▸ WHAT TO PRODUCE
Transcribe exactly the entries from the "muelle es parte" line to the end, both included, minus pictures.

[Data records]
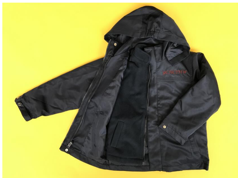
男女生二合一校褸（連學校簡稱）
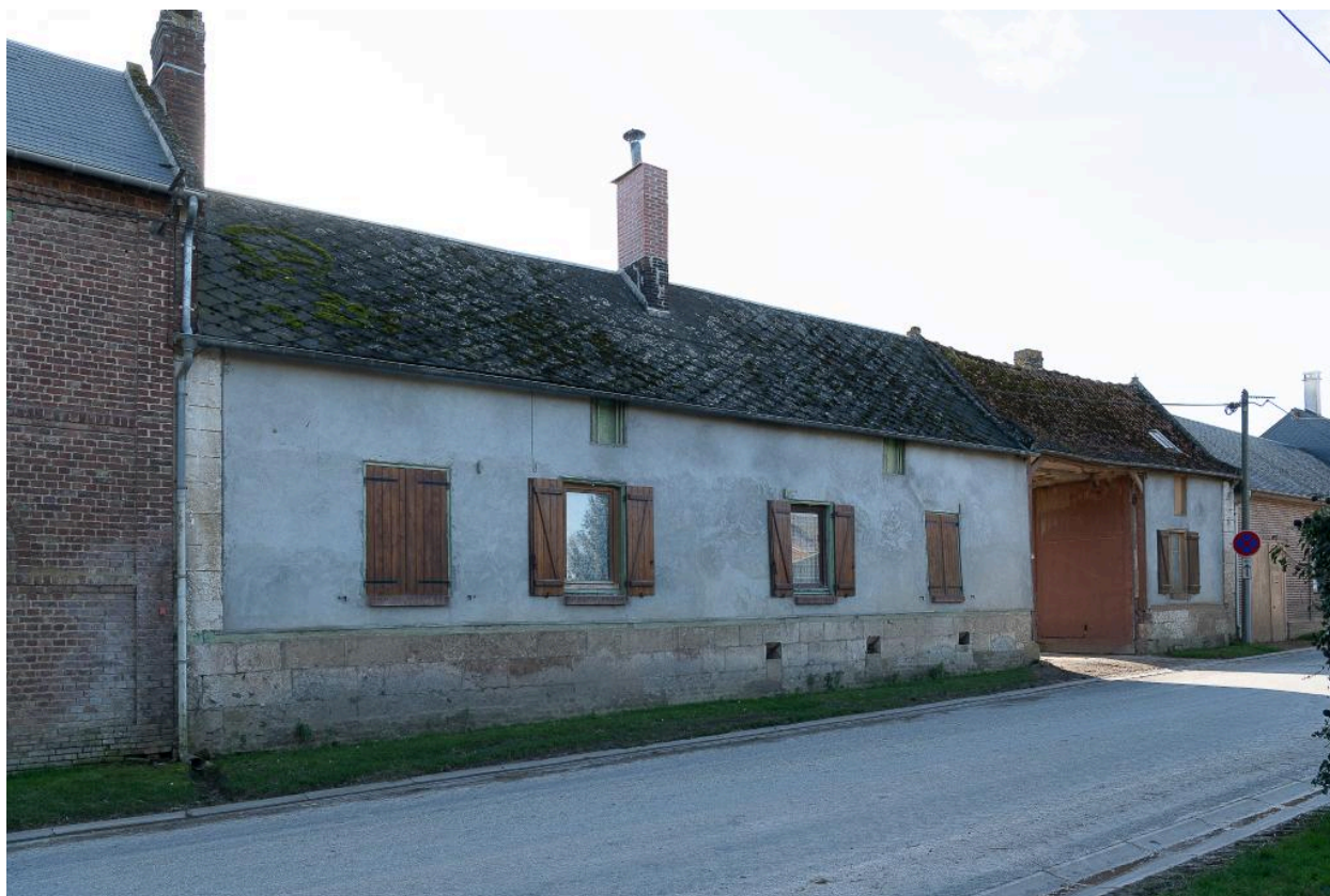
Logis de ferme sur rue prolongé d'une entrée charretière, n°19 Grande Rue, vu depuis le nord-est.
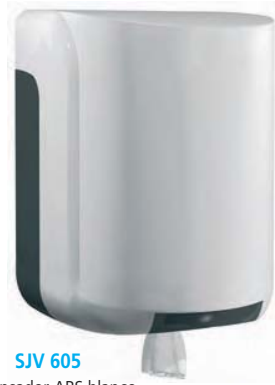
SJV 605 Dispensador ABS blanco. Capacidad: bobina ø 20 cm. 22 x 22 x 31 cm.
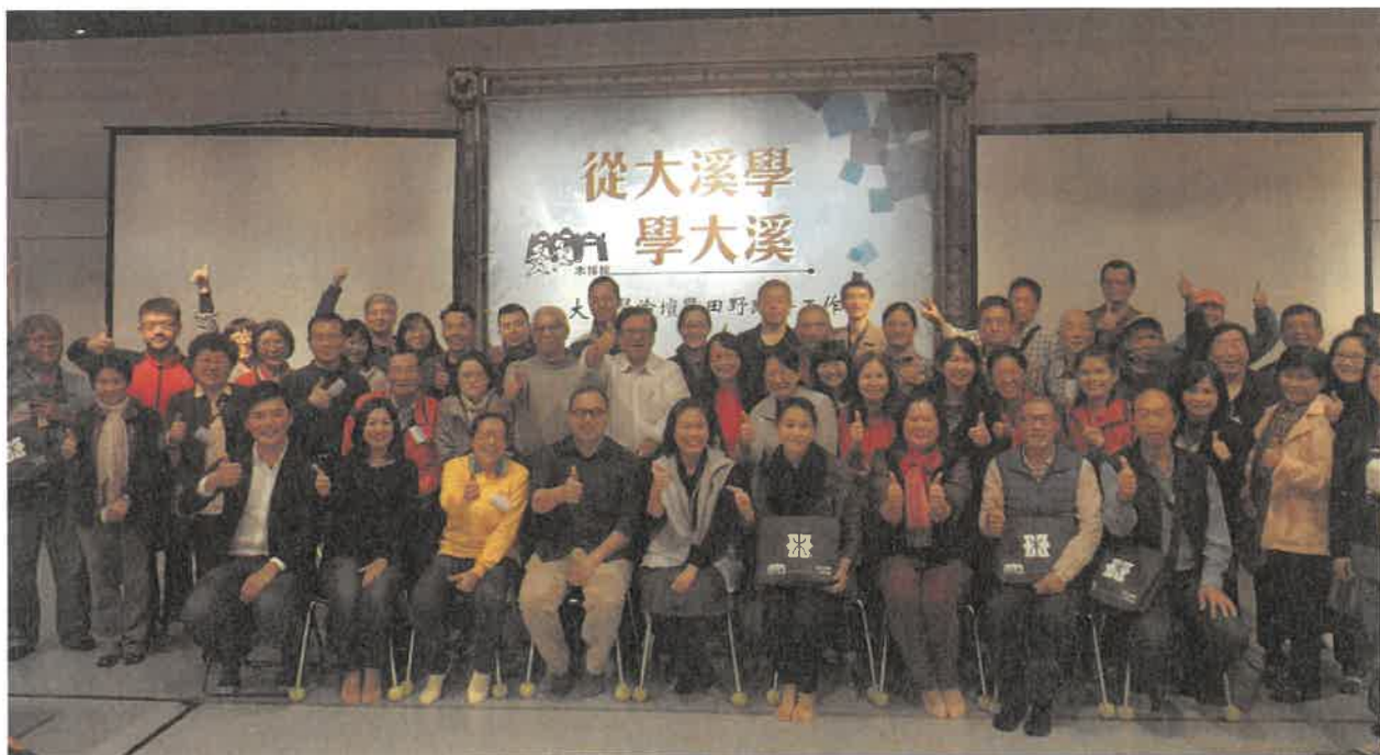
2016 年大溪學系列活動
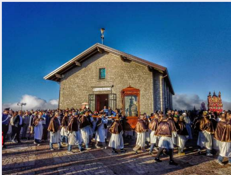
Particolare Processione di ritorno ad Avigliano.jpg
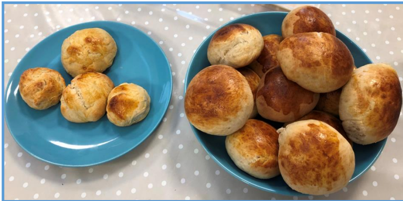
Bollebakst ved oppstart og etter 5 ukers trening
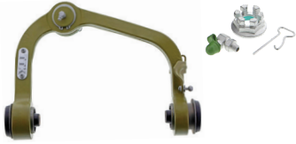
CTXK80306/CTXK80308 - FRONTAL SUPERIOR I/D FORD F-150 2020-2004
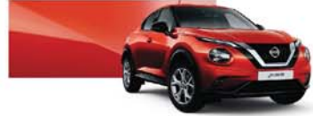
Fuji Sunset Red (M) – NBV
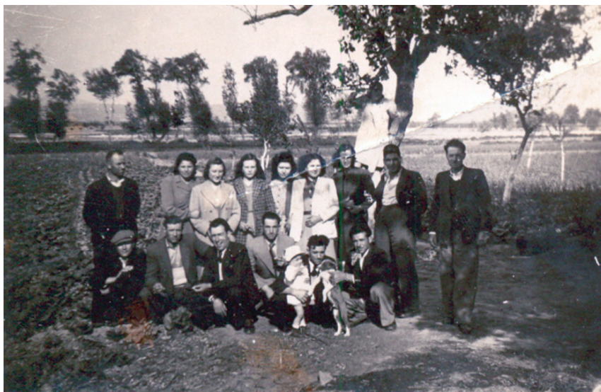
Πασχαλινό γλέντι, 1946.
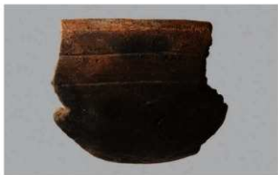
3 H-6出土土器 (第184图157)
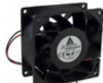
FFB0812GHE Delta Electronics FAN AXIAL 80X38MM 12VDC WIRE
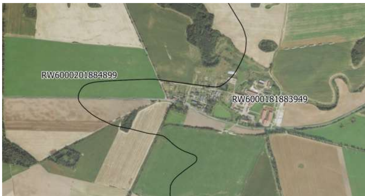
Mapa z lokalizacją JCWP

Powyższe uwarunkowania wyznaczają szerszy kontekst stanu środowiska analizowanego obszaru. W skali lokalnej – dotyczącej konkretnie analizowanego obszaru i jego bezpośredniego sąsiedztwa, najważniejszymi czynnikami kształtującymi stan środowiska, są:
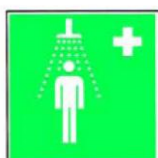
8.3. sanitārā apstrāde
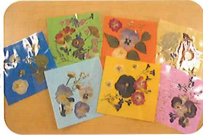
▶きれいな作品ができました
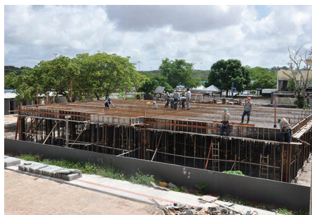
Depart. Engenharia da Computação
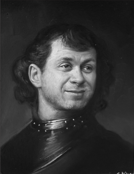
«Роман Абрамович», портрет из серии «Река времени».
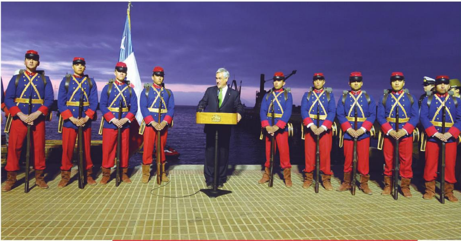
El Presidente de la República, Sebastián Piñera, visitó el inicio de las obras de restauración del Muelle Salitrero Melbourne & Clark, que forma parte del Legado Bicentenario. 23 de julio de 2013.

“Este muelle es parte de nuestra historia, es parte de nuestra identidad y estaba muy deteriorado. Por esa razón, como parte del Legado Bicentenario, lo vamos a recuperar, vamos a recuperar su estructura básica, su superficie, y vamos a proveerlo de mobiliario urbano”.
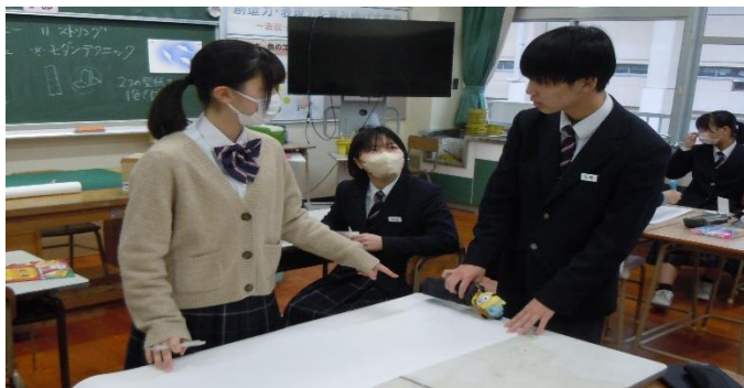
学級活動部会の活動
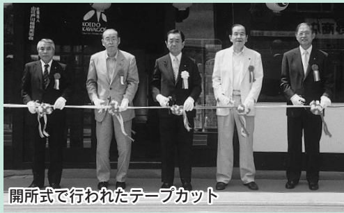
開所式で行われたテープカット

7月28日、(社)小江戸川越観光協会の事務所が、札の辻交差点近くに移転しました。
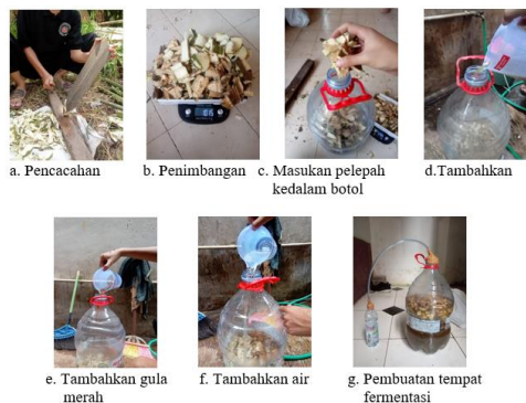
Gambar 4. Pembuatan POC pelepah kelapa sawit dekomposer MOL bonggol pisang

Pembuatan pupuk organik cair dimulai dengan penyiapan limbah pelepah kelapa sawit sebanyak 1 kilogram, kemudian pelepah kelapa sawit dicacah hingga menjadi bagian-bagian terkecil. Pelepah kelapa sawit yang telah dicacah dicampur dalam wadah, kemudian ditambahkan MOL bonggol pisang sebanyak 300 mililiter ke dalam campuran pelepah kelapa sawit tersebut. Pengadukan semua bahan dilakukan agar tercampur merata, setelah itu penambahan air ke dalam wadah sebanyak 10 liter dengan gula merah 100 gram. Wadah kemudian ditutup dengan rapat untuk melakukan proses dekomposisi pupuk organik cair selama 14 hari. Simpan wadah pada tempat yang terlindungi dari sinar matahari. Pembuatan POC dekomposer mol bonggol pisang dapat dilihat pada Gambar 4.

▸ ANSWER BELOW
“Este muelle es parte de nuestra historia, es parte de nuestra identidad y estaba muy deteriorado. Por esa razón, como parte del Legado Bicentenario, lo vamos a recuperar, vamos a recuperar su estructura básica, su superficie, y vamos a proveerlo de mobiliario urbano”.
学級活動部会の活動
開所式で行われたテープカット

7月28日、(社)小江戸川越観光協会の事務所が、札の辻交差点近くに移転しました。
Gambar 4. Pembuatan POC pelepah kelapa sawit dekomposer MOL bonggol pisang

Pembuatan pupuk organik cair dimulai dengan penyiapan limbah pelepah kelapa sawit sebanyak 1 kilogram, kemudian pelepah kelapa sawit dicacah hingga menjadi bagian-bagian terkecil. Pelepah kelapa sawit yang telah dicacah dicampur dalam wadah, kemudian ditambahkan MOL bonggol pisang sebanyak 300 mililiter ke dalam campuran pelepah kelapa sawit tersebut. Pengadukan semua bahan dilakukan agar tercampur merata, setelah itu penambahan air ke dalam wadah sebanyak 10 liter dengan gula merah 100 gram. Wadah kemudian ditutup dengan rapat untuk melakukan proses dekomposisi pupuk organik cair selama 14 hari. Simpan wadah pada tempat yang terlindungi dari sinar matahari. Pembuatan POC dekomposer mol bonggol pisang dapat dilihat pada Gambar 4.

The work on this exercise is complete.